Item 4.  Description of Securities.

Corporate Overview

         GTDATA Corporation (the "Company") is a Nevada corporation. The Company
was originally incorporated on March 17, 1986, under the name Impressive
Ventures, Ltd. for the purpose of engaging in any lawful activity or business.
In January 1998, we changed our name to World Internetworks, Inc. and in
November 2001, we changed our name to GTDATA Corporation.

         GT Data Corporation, a Delaware corporation ("GT Data Delaware") was
originally incorporated on April 14, 1998 according to the laws of Colorado. GT
Data Delaware was reincorporated according to the laws of Delaware on February
17, 2000. GT Data Delaware is engaged in the sale, repair and support service of
in-warranty and out-of-warranty computer peripheral devices for a variety of
large and small brand name manufacturers, through its wholly owned subsidiary
Technical Services and Logistics, Inc. ("TSLi").

         On February 27, 2001, World Internetworks, Inc. ("WINS") entered into
an Agreement and Plan of Reorganization and Merger (the "Plan of Merger") with
GTD Acquisition, Inc. ("Newco") and GT Data Delaware. On March 20, 2001, and
pursuant to a Certificate filed with the Nevada Secretary of State, WINS
effected a 1 for 2 reverse split of all the outstanding shares of its common
stock, options and warrants. Immediately following the reverse split WINS had
250,000,000 shares authorized and 7,104,114 shares issued and outstanding.
Outstanding options and warrants were 224,500 and 815,000 respectively, after
the reverse split. On March 22, 2001, the Plan of Merger became effective (the
"Merger"). Under the Merger, Newco merged with and into GT Data Delaware, with
GT Data Delaware as the surviving subsidiary of the Company. Pursuant to the
Plan of Merger, all of the 7,688,403 outstanding series B preferred stock and
common stock of GT Data Delaware were exchanged for shares of WINS 1 for 1 on a
post-split basis and 750,000 shares were issued to Fairway Capital Partners,
LLC, a finder, in connection with the transaction. All of the outstanding shares
of Newco were converted into shares of GT Data Delaware as the surviving
corporation, with WINS as the sole holder of those shares. The transaction was
regarded as a reverse merger whereby GT Data Delaware was considered to be the
accounting acquirer as it retained control of WINS after the Merger. Pursuant to
the Plan of Merger, certain shareholders of GT Data Delaware agreed to surrender
7,165,931 shares of common stock prior to the consummation of the Merger.

Securities of the Company

         The Company's capital stock consists of 250,000,000 shares of Common
Stock, $0.001 par value.

         As of May 10, 2002, there were 16,062,517 shares of Common Stock
outstanding, held of record by 554 stockholders. Of the 16,062,517 shares of
Common Stock outstanding, 13,916,959 shares are restricted shares.

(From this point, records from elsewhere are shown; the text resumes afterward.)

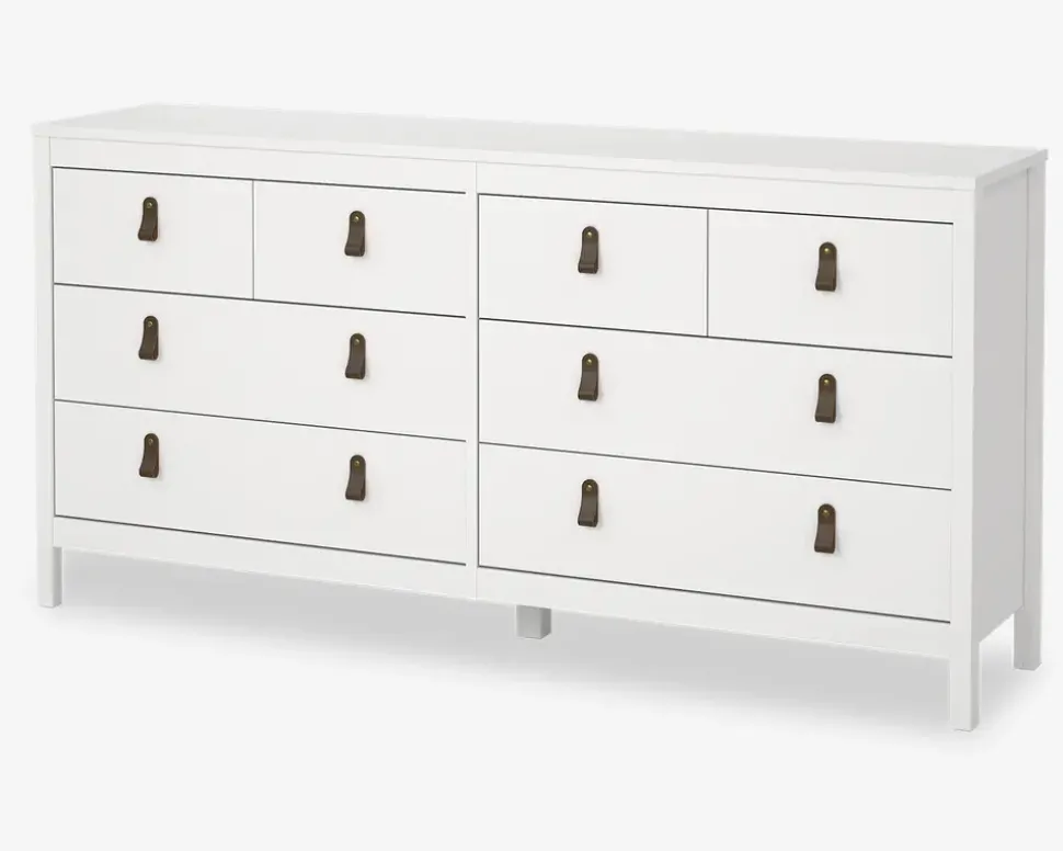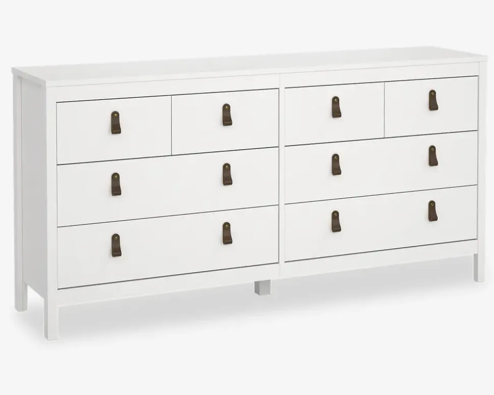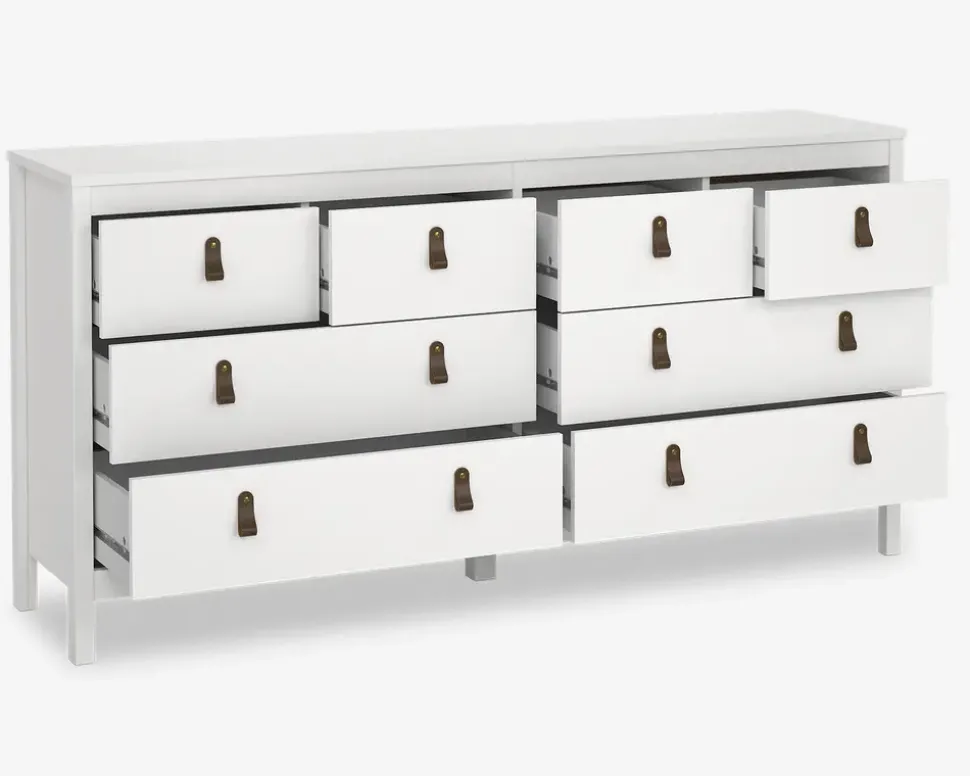 Her har du en flot dansk produceret kommodeserie, som findes i flere størrelser. Kommoden er fremstillet i hvid kunstfiner, den leveres med 2 greb henholdsvis et lædergreb eller et rundt metalgreb, hvilket du benytter er helt op til dig. Kommoden har et let kørende metaludtræk, og skufferne er rumlige og reelle, så der bliver plads til masser af tøj.Kommoden leveres usamlet, men hvis du følger den vedlagte samlevejledning og sætter lidt tid af, vil den kunne samles af alle. Hver skuffe kan belastes med 8 kg. Kommoden kræver ingen vedligeholdelse, og rengøreingen foretages med en klud vredet op i rent vand.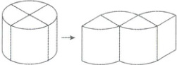8. 如图,将一个圆柱 4 等分切割,再将其重新组合成一个与圆柱等底等高的几何体,若新几何体的表面积比原圆柱的表面积增加了 10,则原圆柱的侧面积是(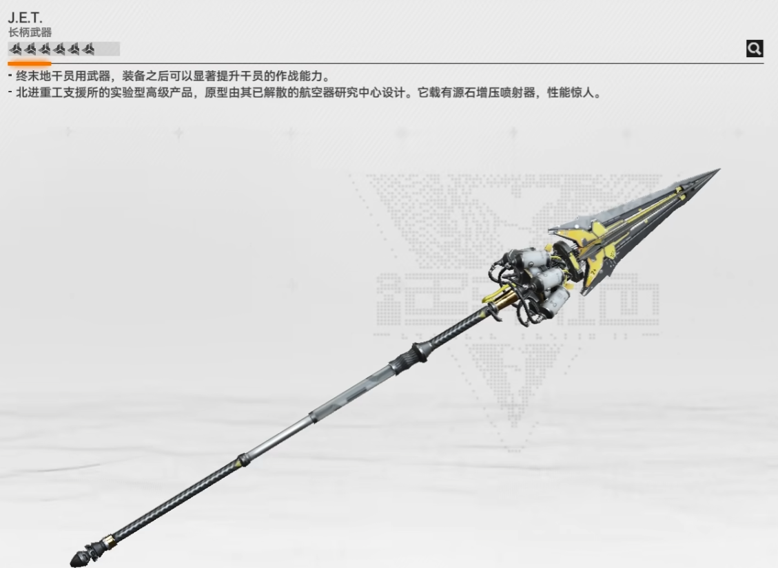 J.E.T:基础攻速比同类长柄武器快10%,近中程攻击距离有优势,普攻命中率高且无明显空窗期。适合需要灵活拉扯的战斗场景,干员可在安全距离稳定输出,生存与输出兼顾。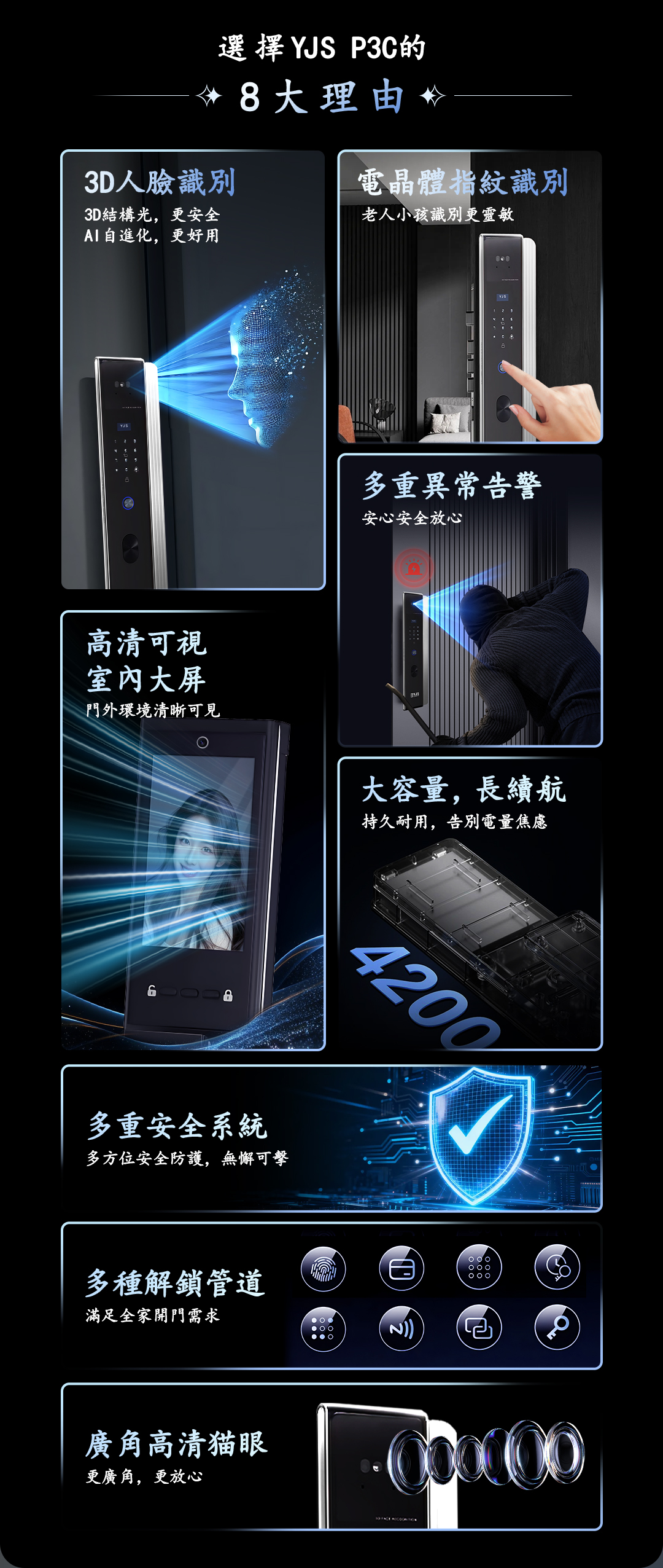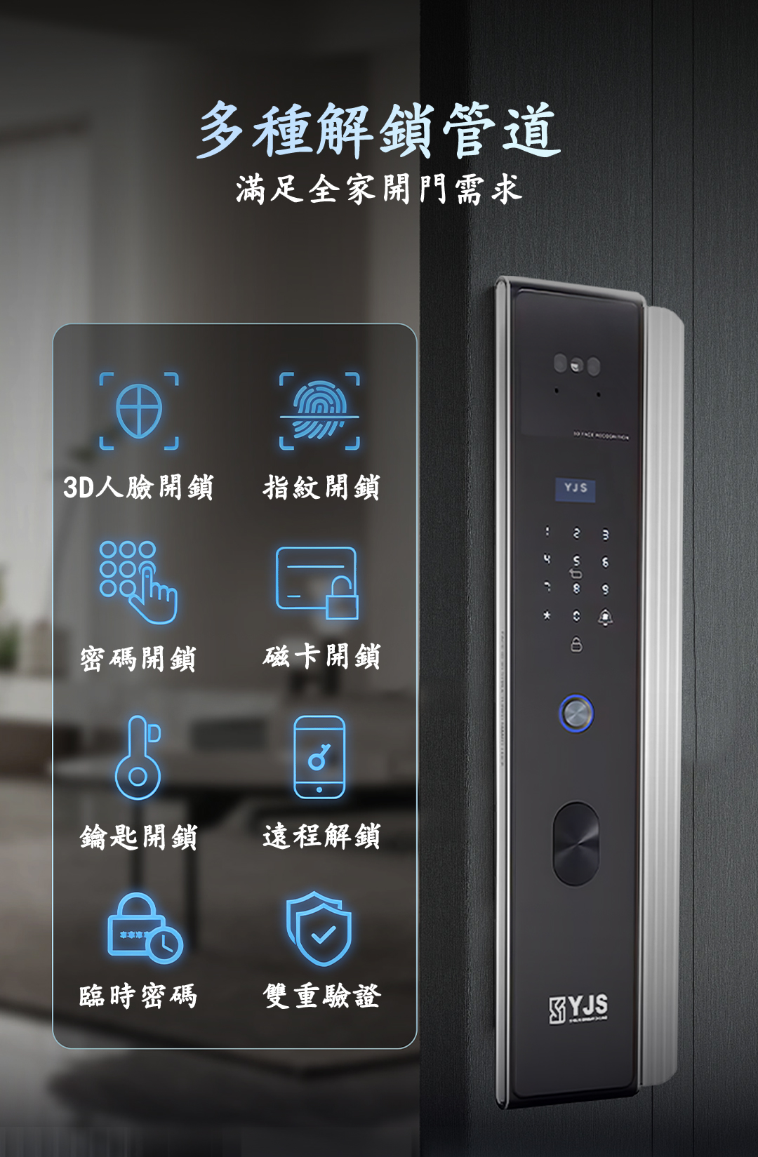 首頁/品牌電子鎖/YJS/YJS P3C 人臉雙攝電子鎖 🔍 YJS P3C 人臉雙攝電子鎖NT$37,500 YJS P3C 人臉雙攝電子鎖(外部防水) 功能: 人臉-掌靜脈-指紋-密碼-卡片-鑰匙-門鈴-貓眼-雙攝貓眼-視訊-遠端-WIFI 解鎖方式: 人臉:100組 掌紋:100組 指紋:100組 密碼:100組 卡片:100組 鑰匙:2把 手機:20組 遠端:(WIFI解鎖) 描述 相關商品 VOC X8+(貓眼) NT$25,500 YJS S1 人臉雙攝電子鎖 NT$36,500 YJS F3 NT$25,500 VOC RS-F NT$25,500
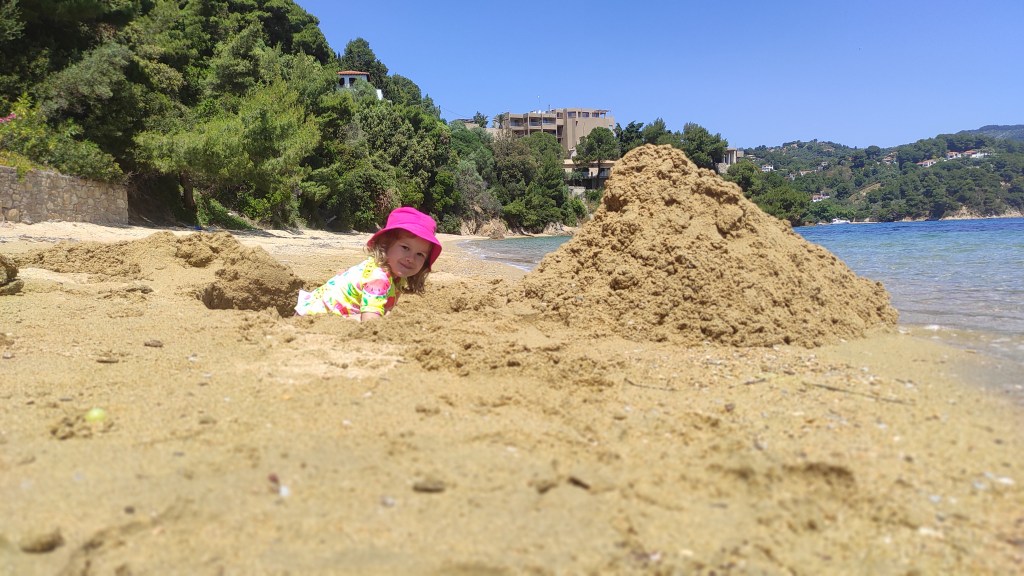 Noi avem cazare în zona Koukounaries, aşa că e prima plajă la care ajungem, pe seară în prima zi, măcar să salutăm marea, după ce ne bălăcim pe după-amiază la piscină. Nu poţi avea piscină la cazare şi să îi spui copilului din prima „mai târziu”. Koukounaries e una dintre cele mai mari, populare şi aglomerate plaje de pe insulă şi, ca urmare, nu îmi era chiar aşa simpatică, în ciuda alăturării cu o rezervaţie naturală, a umbrii minunate de pin şi a întrării line în apă. Acum e, însă, aproape goală, turismul deschizându-se doar de câteva zile în Skiathos. Aşa că mai revenim de câteva ori la ea şi ne bălăcim cu peştişorii de la mal, iar Vera se joacă cu Antonia, prietena pe care şi-o face în această vacanţă. Ore în şir de joacă la malul mării, o bucurie să îţi vezi copilul atât de entuziasmat. Bebe Radu, pe de altă parte, pare amator de nisip doar cât îl lăsăm să îl mănânce. Nici apa mării nu îl satisface momentan, aşa că din partea lui avem parte mai mult de mârâieli sau de cocoşat unul dintre părinţi cu somn în sistemul de purtare. Nu-i nimic, Răducule, creşti tu, reevaluezi situaţia şi parcă văd că nu te mai scot nici pe tine din apă, ca pe Vera.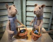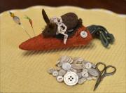 Check out this dapper bunny!! I absolutely loved creating this sweet guy using a pattern by the Spotted Hare! His carrot is made from wool and stuffed with sawdust to keep your pins sharp. The bunny is made from a beautiful chocolate mohair fabric and stuffed with wool scraps. I created a glass pin just for him and added a tiny carrot pin by Pink Dragonfly Crafts. I also added a few black steel head pins and a mother of pearl button. Check out his wool fluffy tail! He is approximately 6” long, not including the greens on the carrot. Kindly asking $88.00 and $10 for travel care. As always please keep away from children and pets.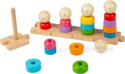 Jedinečná nasadzovacia hračka s výberom farebných tvarov a tvárí, ktoré sa nasadzujú na päť samostatných tyčí. Každá tyč stojí na malom drevenom dieliku skladačky, ktorý môžu deti spojiť dohromady. Môžu kombinovať farby, tvary a tváre – fantázii sa medze nekladú! Táto hračka učí deti rozpoznávaniu farieb a tvarov, učí ich schopnosti riešenia problémov a rozvíja ich obratnosť.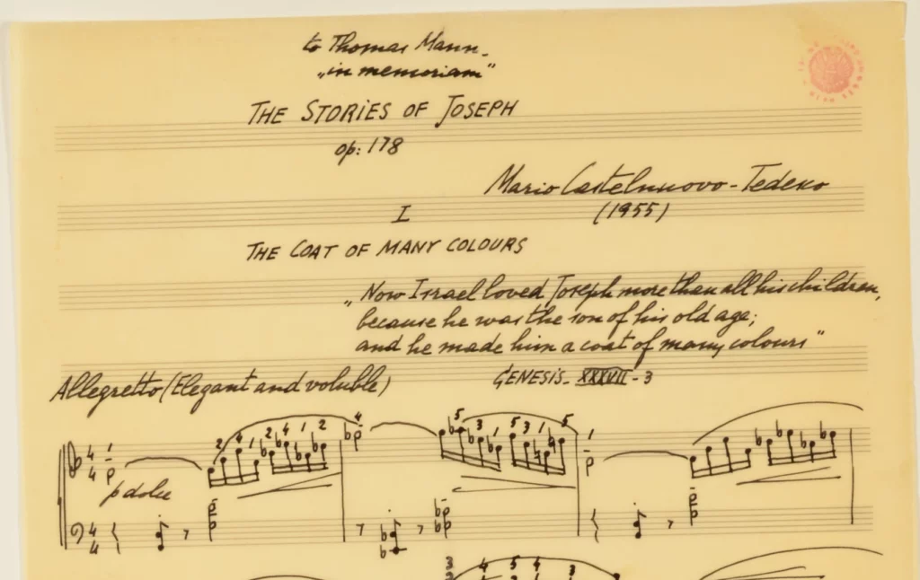 « Anche nei miei dischi precedenti dedicati ad Aldo Finzi ho inserito pezzi pianistici insieme a quelli cameristici o vocali, perché il focus fosse non tanto sull’interprete, quanto sul compositore e su brani di raro ascolto. Anche in questo caso sono tutte prime registrazioni assolute, legate all’assidua frequentazione di Castelnuovo-Tedesco con la letteratura tedesca e inglese; inoltre, è stato un modo per accostare i due mondi e le due vite del compositore: le liriche sono tutte degli anni Venti, The stories of Joseph, invece, appartengono al periodo americano, sono del 1955 »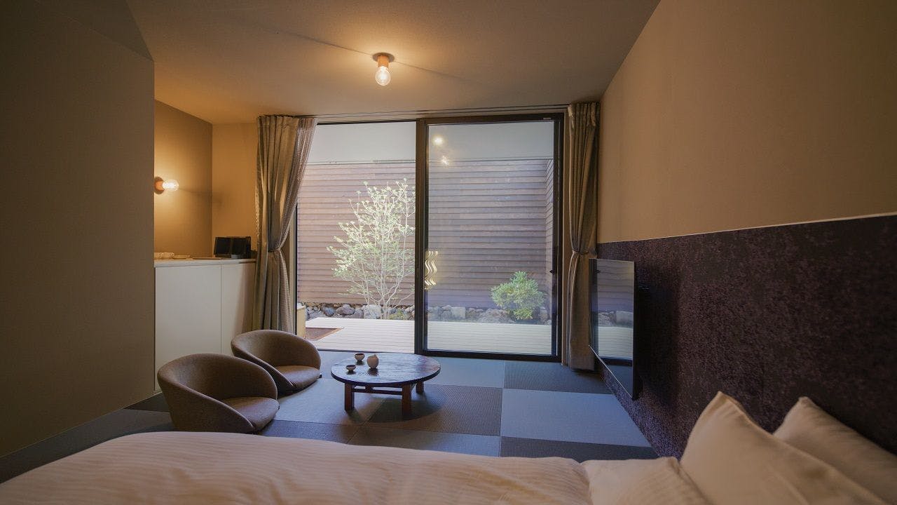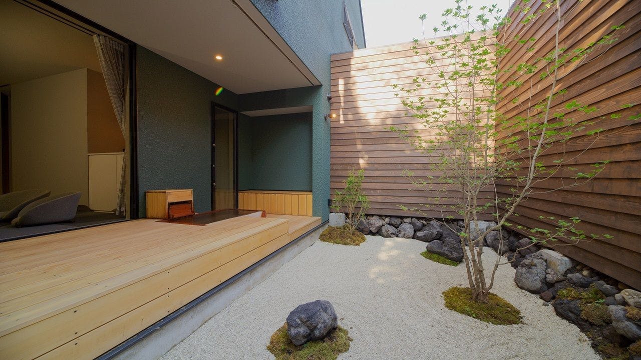 畳に寝ころびながら庭を眺め、庭のウッドデッキ横の風呂に浸かる。体が温まったら庭で涼み また浸かる。黒と茶をメインカラーにしたお部屋で、ゆっくりと時の流れお楽しみください。

         The holders of the Common Stock are entitled to one vote per share on
all matters to be voted upon by the stockholders. The shares of Common Stock do
not carry cumulative voting rights in the election of directors. The Common
Stock has no preemptive, subscription or conversion rights. There are no
redemption or sinking fund provisions applicable to the Common Stock.



         Holders of Common Sock are entitled to receive on a pro rata basis any
dividends as may be declared by the board of directors of the Company out of
funds legally available. In the event of liquidation, dissolution or winding up
of the Company, holders of Common Stock are entitled to share ratably in all
assets remaining after payment of liabilities. All the outstanding shares of
Common Stock are fully paid and nonassessable.

         The Company does not currently have any authorized Preferred Stock.

Securities of GT Data Delaware

         The Company's subsidiary, GT Data Delaware's capital stock consists of
100,000,000 shares of common stock, $0.001 par value; 1 share of series A
preferred stock, $0.001 par value; 10,000,000 shares of series B preferred
stock, $0.001 par value; and 16,999,999 shares of undesignated preferred stock.

Transfer Agent and Registrar

         The transfer agent and registrar for the Company's Common Stock is
Standard Registrar and Transfer of Draper, Utah.

Item 5.  Interests of Named Experts and Counsel.

         The information required by Item 5 is not applicable to this
registration statement.

Item 6.  Indemnification of Directors and Officers.

         The officers and directors of the Company are indemnified as provided
by the Nevada Revised Statutes ("NRS") and the bylaws of the Company.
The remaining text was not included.